::: Data to examine :::

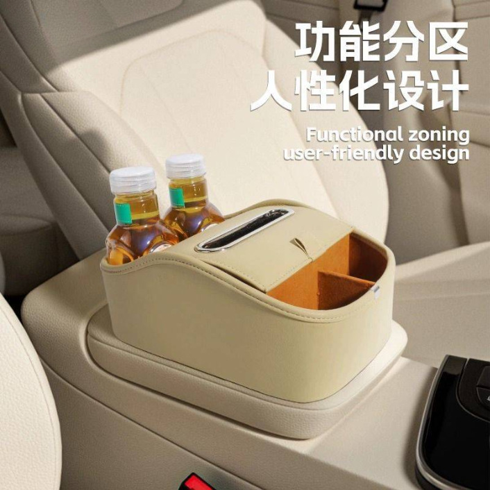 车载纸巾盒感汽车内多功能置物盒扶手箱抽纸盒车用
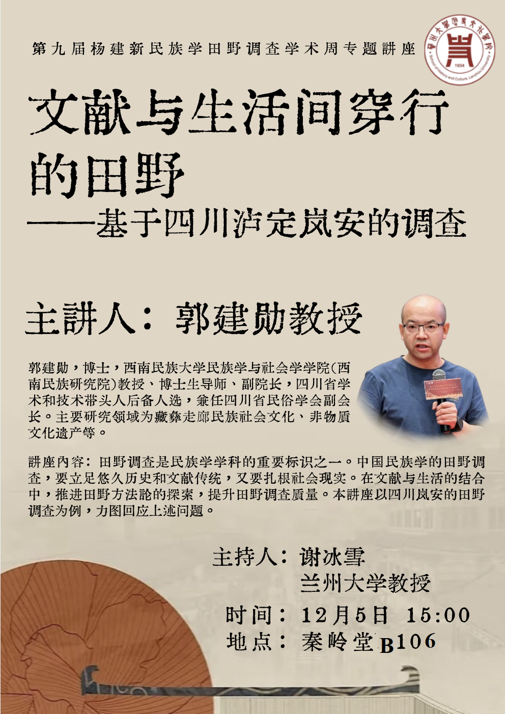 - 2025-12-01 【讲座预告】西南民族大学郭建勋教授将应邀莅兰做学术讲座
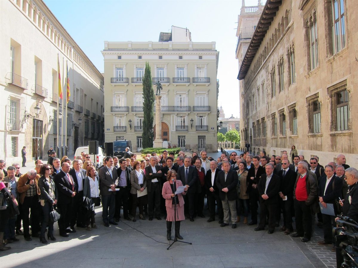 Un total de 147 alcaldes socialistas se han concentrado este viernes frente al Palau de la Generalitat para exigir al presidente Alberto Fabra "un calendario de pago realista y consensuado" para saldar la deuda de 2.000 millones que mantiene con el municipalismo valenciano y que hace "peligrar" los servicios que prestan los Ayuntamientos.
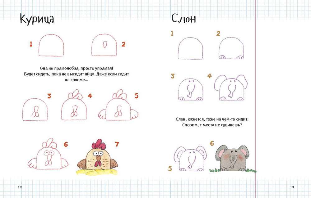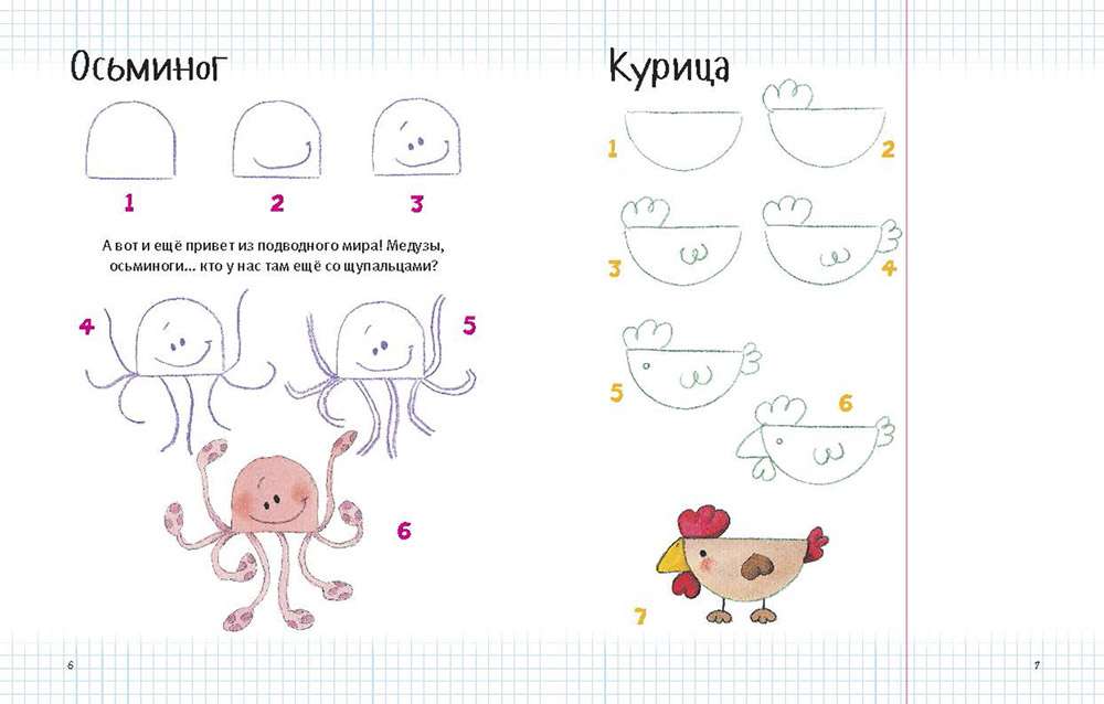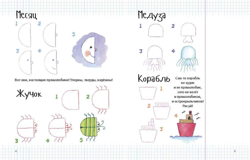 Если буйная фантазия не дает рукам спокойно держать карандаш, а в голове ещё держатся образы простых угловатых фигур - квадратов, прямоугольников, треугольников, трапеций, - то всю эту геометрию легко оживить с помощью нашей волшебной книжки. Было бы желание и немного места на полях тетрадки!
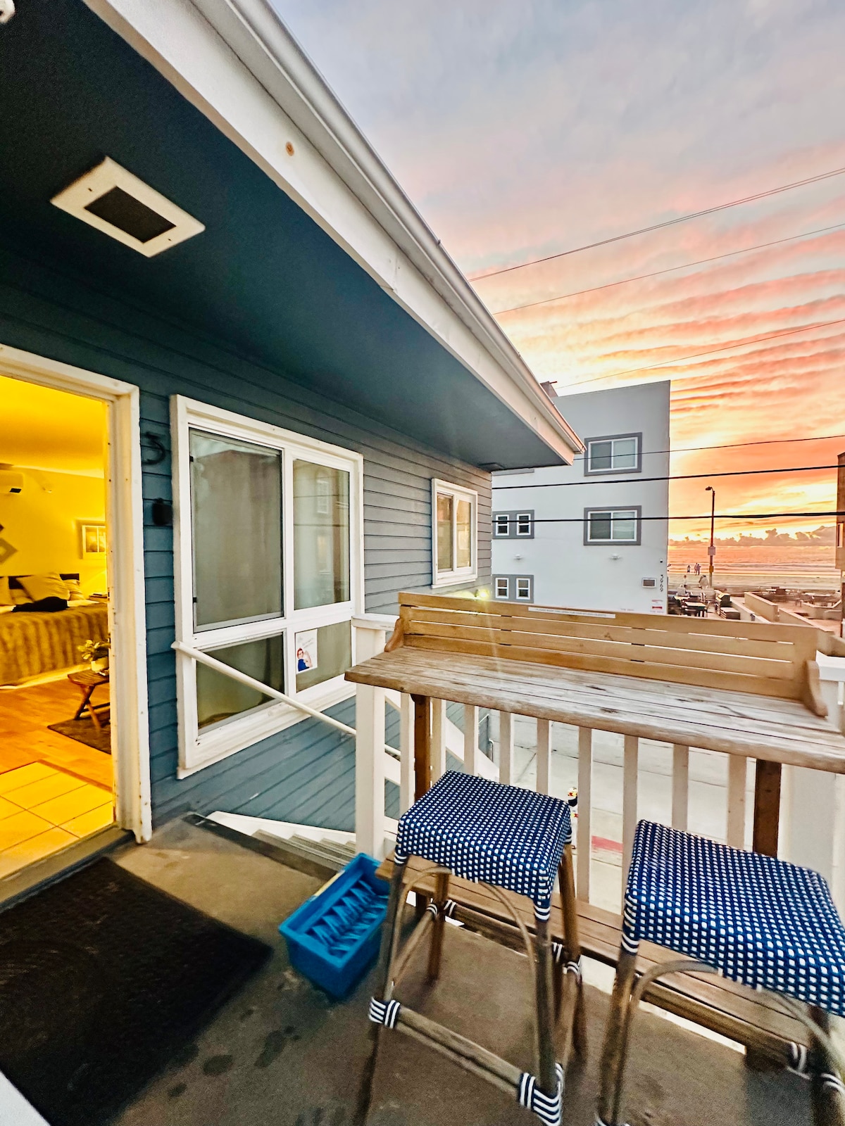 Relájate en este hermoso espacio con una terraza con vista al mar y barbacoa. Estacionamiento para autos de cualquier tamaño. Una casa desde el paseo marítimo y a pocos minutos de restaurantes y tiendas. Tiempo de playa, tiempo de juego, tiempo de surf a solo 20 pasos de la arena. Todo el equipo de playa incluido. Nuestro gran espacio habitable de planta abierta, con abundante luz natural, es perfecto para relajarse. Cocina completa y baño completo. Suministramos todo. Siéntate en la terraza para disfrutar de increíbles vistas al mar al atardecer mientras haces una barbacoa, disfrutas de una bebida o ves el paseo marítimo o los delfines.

:::

Work to be completed: The task requires the full listing to be given again verbatim, without its pictures.

Reply to the task:
 车载纸巾盒感汽车内多功能置物盒扶手箱抽纸盒车用
 - 2025-12-01 【讲座预告】西南民族大学郭建勋教授将应邀莅兰做学术讲座
 Un total de 147 alcaldes socialistas se han concentrado este viernes frente al Palau de la Generalitat para exigir al presidente Alberto Fabra "un calendario de pago realista y consensuado" para saldar la deuda de 2.000 millones que mantiene con el municipalismo valenciano y que hace "peligrar" los servicios que prestan los Ayuntamientos.
 Если буйная фантазия не дает рукам спокойно держать карандаш, а в голове ещё держатся образы простых угловатых фигур - квадратов, прямоугольников, треугольников, трапеций, - то всю эту геометрию легко оживить с помощью нашей волшебной книжки. Было бы желание и немного места на полях тетрадки!
 Relájate en este hermoso espacio con una terraza con vista al mar y barbacoa. Estacionamiento para autos de cualquier tamaño. Una casa desde el paseo marítimo y a pocos minutos de restaurantes y tiendas. Tiempo de playa, tiempo de juego, tiempo de surf a solo 20 pasos de la arena. Todo el equipo de playa incluido. Nuestro gran espacio habitable de planta abierta, con abundante luz natural, es perfecto para relajarse. Cocina completa y baño completo. Suministramos todo. Siéntate en la terraza para disfrutar de increíbles vistas al mar al atardecer mientras haces una barbacoa, disfrutas de una bebida o ves el paseo marítimo o los delfines.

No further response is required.